Learning to say 'I don't know yet' to a number I couldn't defend

The question landed like a stone. A senior leader cut through the presentation, pointed at me, and said, "Just give me the number. How many daily active users are on the new platform?"

I could feel the pressure to be helpful, to run a query in under a minute and produce a large, impressive-looking integer. It would satisfy the room and move the meeting along. It would also be a lie of omission, built on a mountain of unstated caveats. In that moment, the choice wasn't between knowing and not knowing; it was between being cooperative and being honest.

The Illusion of the On-the-Spot-Number

In many cultures, especially in fast-moving startups, there's immense pressure for a "good enough" number to maintain velocity. An estimate feels harmless, a way to establish a baseline and avoid slowing down. But these numbers are never harmless. A figure given in a meeting, no matter how many caveats I whisper, gets stripped of its context. It lands in a slide deck, becomes gospel, and morphs into the immutable fact upon which next quarter's goals are built.

From Ad-Hoc Answer to Durable Asset

I could have run a quick SELECT COUNT(DISTINCT user_id) FROM event_stream and called it a day. But that simple count ignores crucial details. It doesn't filter bot traffic by inspecting user_agent strings, exclude internal test accounts, or correctly de-duplicate sessions that move from anonymous to authenticated states. The plausible number is a dangerous fiction. The real engineering work isn't running the query; it's building the system that can answer the question repeatably and truthfully.

A Defensible Metric Is a Product

A reliable metric isn't found; it's manufactured. It is the end product of a data pipeline, a piece of software in its own right. Getting a number you can stand behind means treating it with the same rigor we apply to production services. This idea has been formalized in modern data thinking, most notably in Zhamak Dehghani's "Data as a Product" principle from her work on Data Mesh, which you can read about in a foundational post on Martin Fowler's blog.

When you treat a metric as a product, it has an owner, a version, and a clear, explicit "Data Contract" that defines its schema, semantics, and quality guarantees. It stops being a vague concept like "active user" and becomes a concrete asset produced by a deterministic, observable system. This system is responsible for cleaning, filtering, sessionizing, and applying the specific business logic that constitutes the definition. Without this, you don't have a metric; you have a series of one-off, contradictory snapshots.

The Hard 'No' That Builds Trust

Back in that meeting, I took a breath. "I can't give you a number I can defend right now," I said. "But I can tell you exactly what it will take to get one."

The air in the room changed, but I didn't leave a vacuum. "A raw query will give us a big, misleading number. To get a real daily active user count, we need to build a small, automated pipeline to clean and aggregate the data. It will take a few days. When it's done, we'll have an auditable, repeatable number we can all trust."

This reframes the conversation from a personal failing ("Juan doesn't know") to an engineering requirement ("We need the right tool"). Over time, this builds a different kind of reputation. Stakeholders learn that when your team provides a number, it's real. They start asking better questions—not just "what's the number?" but "what's the definition behind it?" You slowly create a culture of intellectual honesty.

The Bedrock for Agentic Systems

This discipline is more critical now than ever.
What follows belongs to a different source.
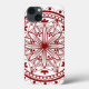 Ce boîtier téléphonique a un design mandala simple fait de lignes, de courbes et de formes en rouge profond sur un champ de blanc.

The industry is moving from deterministic automation to agentic work, where LLM-powered systems take on complex, multi-step tasks. The new, harder questions aren't about user counts; they're about agent performance. "What's the success rate of our new customer support agent?" or "What's the cost-per-resolved-task?"

If our data culture can't even produce a defensible count of daily active users, we have zero chance of reliably measuring the fuzzy, non-deterministic outputs of an AI agent. The same rigor applies, but the stakes are higher. Defining "task success" requires an even more robust deterministic pipeline to interpret agent logs, user feedback, and downstream impacts. The boring, meticulous work of building defensible metrics is the absolute bedrock for the exciting future of agentic AI. You cannot build the second floor of a house on a foundation of sand.

Architecture for Defensible Metrics and Agent Evaluation

My takeaways from years of navigating these conversations are simple engineering principles:

Turn Asks into Requirements. A request for a number is a feature request for a metric. Document it, define it, and build it properly.
Treat Metrics as Code. The logic that generates a number must live in version control, be tested, and have a clear owner.
Build the Faucet, Not the Bucket. Instead of one-off queries to fetch a bucket of data, build the automated pipeline—the faucet—that delivers it reliably.

Learning to say "I don't know yet" was the moment I shifted from seeing my job as providing answers to seeing it as building systems that produce truth. The former is easy and fleeting; the latter is hard, but it's the only thing that lasts.